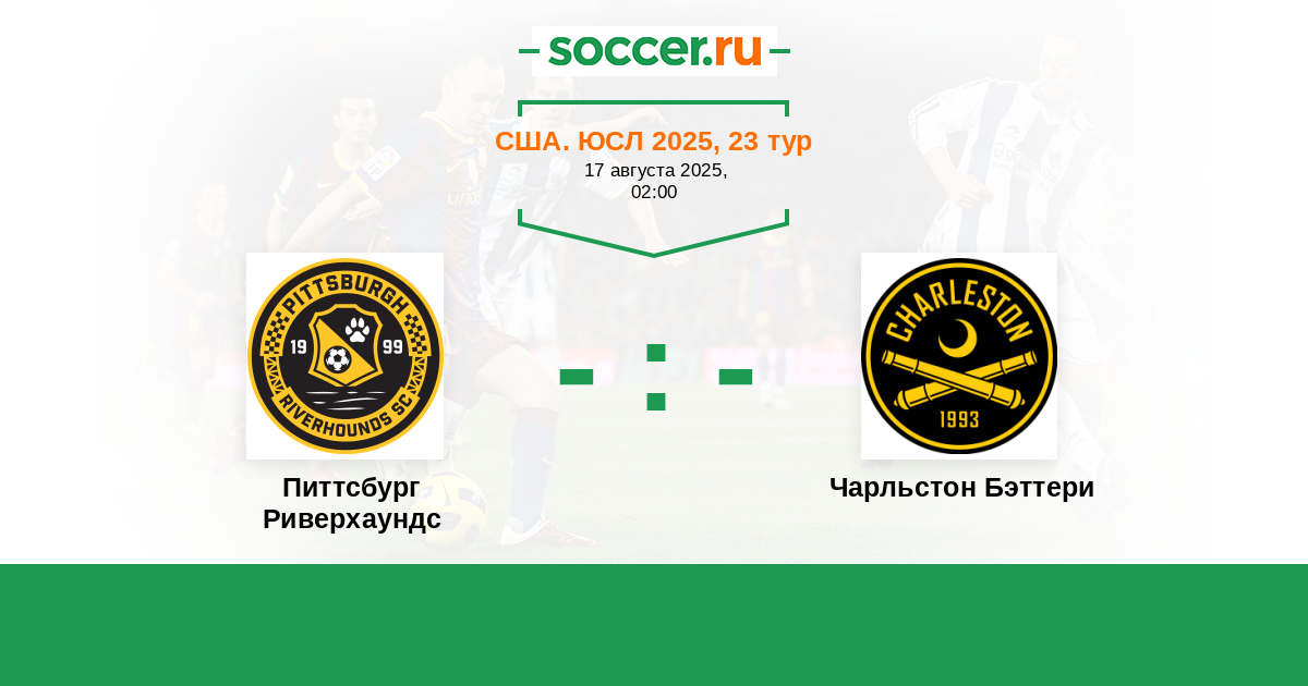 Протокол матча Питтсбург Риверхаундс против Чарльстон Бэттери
==*==
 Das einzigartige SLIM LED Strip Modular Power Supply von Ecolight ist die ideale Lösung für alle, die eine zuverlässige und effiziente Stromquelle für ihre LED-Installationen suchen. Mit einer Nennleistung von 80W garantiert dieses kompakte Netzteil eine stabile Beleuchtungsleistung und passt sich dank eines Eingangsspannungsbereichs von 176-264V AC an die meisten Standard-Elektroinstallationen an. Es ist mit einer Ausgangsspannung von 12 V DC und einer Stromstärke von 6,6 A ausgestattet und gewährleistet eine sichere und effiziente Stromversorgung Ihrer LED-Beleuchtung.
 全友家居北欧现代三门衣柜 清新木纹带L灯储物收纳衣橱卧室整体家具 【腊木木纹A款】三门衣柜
==*==
WORK TO COMPLETE
From the listing above, repeat exactly the lines starting at the line that includes "Das einzigartige SLIM" and ending at the line that includes "全友家居北欧现代三门衣柜 清新木纹带L灯储物收纳衣橱卧室整体家具 【腊木木纹A款】三门衣柜", with nothing outside that span.

ANSWER
 Das einzigartige SLIM LED Strip Modular Power Supply von Ecolight ist die ideale Lösung für alle, die eine zuverlässige und effiziente Stromquelle für ihre LED-Installationen suchen. Mit einer Nennleistung von 80W garantiert dieses kompakte Netzteil eine stabile Beleuchtungsleistung und passt sich dank eines Eingangsspannungsbereichs von 176-264V AC an die meisten Standard-Elektroinstallationen an. Es ist mit einer Ausgangsspannung von 12 V DC und einer Stromstärke von 6,6 A ausgestattet und gewährleistet eine sichere und effiziente Stromversorgung Ihrer LED-Beleuchtung.
 全友家居北欧现代三门衣柜 清新木纹带L灯储物收纳衣橱卧室整体家具 【腊木木纹A款】三门衣柜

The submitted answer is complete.